ASSIGNMENT.
From the entries below, output the line with "Рисунок 2 –" and each following line up to and including the line with "7 民眾騷擾 惡意破壞行為", exactly as written.

MATERIAL PROVIDED.
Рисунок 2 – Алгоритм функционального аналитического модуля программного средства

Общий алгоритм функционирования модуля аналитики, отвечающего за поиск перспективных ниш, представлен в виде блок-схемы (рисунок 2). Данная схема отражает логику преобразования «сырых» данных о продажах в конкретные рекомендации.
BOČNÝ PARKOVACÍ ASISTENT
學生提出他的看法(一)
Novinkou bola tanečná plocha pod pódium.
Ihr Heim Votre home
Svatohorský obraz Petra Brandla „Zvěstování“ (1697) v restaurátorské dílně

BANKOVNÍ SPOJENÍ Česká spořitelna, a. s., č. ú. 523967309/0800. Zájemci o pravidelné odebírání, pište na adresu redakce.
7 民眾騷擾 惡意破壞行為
==
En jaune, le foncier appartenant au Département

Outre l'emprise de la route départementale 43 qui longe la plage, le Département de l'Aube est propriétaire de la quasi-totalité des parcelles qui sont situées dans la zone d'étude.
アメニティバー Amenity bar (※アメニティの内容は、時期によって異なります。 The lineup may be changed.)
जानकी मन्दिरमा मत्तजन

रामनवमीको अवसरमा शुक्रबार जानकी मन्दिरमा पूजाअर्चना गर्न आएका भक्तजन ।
---
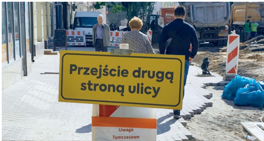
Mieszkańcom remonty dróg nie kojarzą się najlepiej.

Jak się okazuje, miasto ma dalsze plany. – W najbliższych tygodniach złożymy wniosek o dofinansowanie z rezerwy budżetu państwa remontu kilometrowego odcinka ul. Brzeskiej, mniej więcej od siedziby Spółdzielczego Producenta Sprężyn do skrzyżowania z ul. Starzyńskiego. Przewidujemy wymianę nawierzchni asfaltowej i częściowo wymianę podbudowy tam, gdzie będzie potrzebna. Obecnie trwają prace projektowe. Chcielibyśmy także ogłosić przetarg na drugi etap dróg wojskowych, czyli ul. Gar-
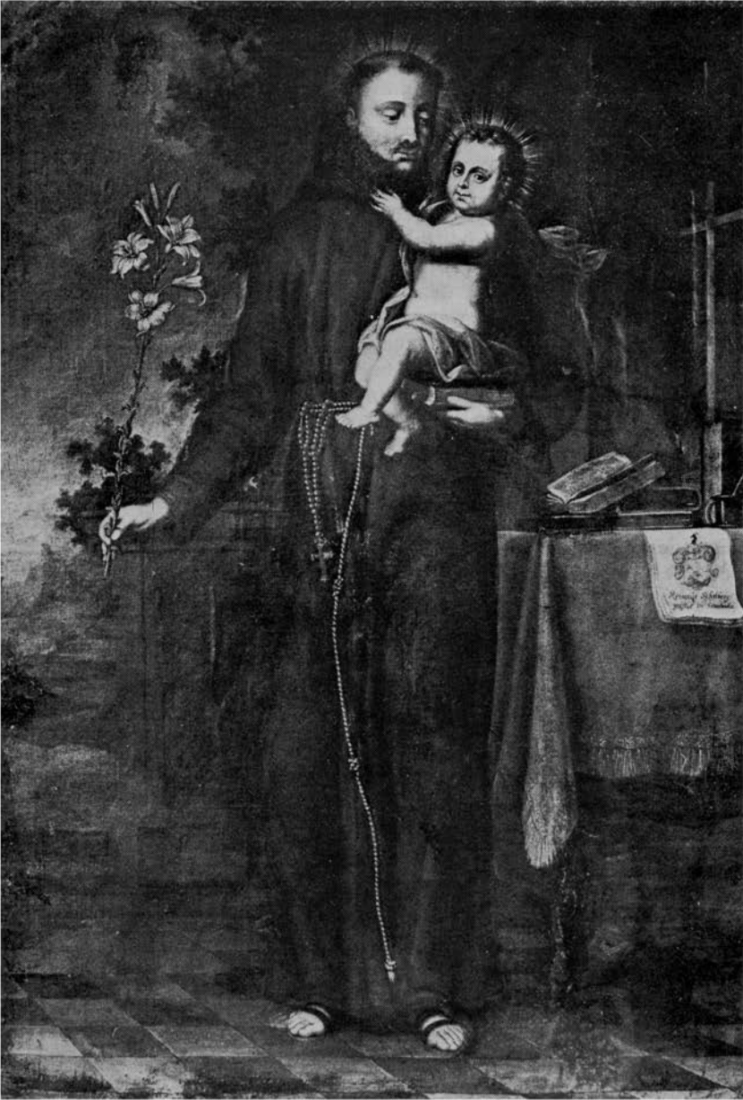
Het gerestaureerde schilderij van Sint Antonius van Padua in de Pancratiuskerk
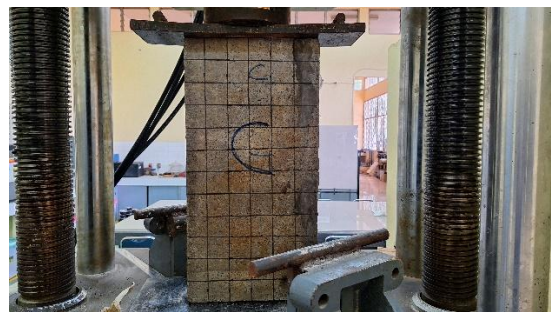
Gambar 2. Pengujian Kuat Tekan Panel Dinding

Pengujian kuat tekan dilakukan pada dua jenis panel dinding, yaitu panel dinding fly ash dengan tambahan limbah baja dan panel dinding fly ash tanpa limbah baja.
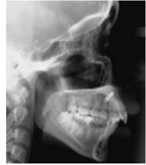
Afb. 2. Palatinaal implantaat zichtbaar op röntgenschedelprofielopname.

TASK RESPONSE.
Рисунок 2 – Алгоритм функционального аналитического модуля программного средства

Общий алгоритм функционирования модуля аналитики, отвечающего за поиск перспективных ниш, представлен в виде блок-схемы (рисунок 2). Данная схема отражает логику преобразования «сырых» данных о продажах в конкретные рекомендации.
BOČNÝ PARKOVACÍ ASISTENT
學生提出他的看法(一)
Novinkou bola tanečná plocha pod pódium.
Ihr Heim Votre home
Svatohorský obraz Petra Brandla „Zvěstování“ (1697) v restaurátorské dílně

BANKOVNÍ SPOJENÍ Česká spořitelna, a. s., č. ú. 523967309/0800. Zájemci o pravidelné odebírání, pište na adresu redakce.
7 民眾騷擾 惡意破壞行為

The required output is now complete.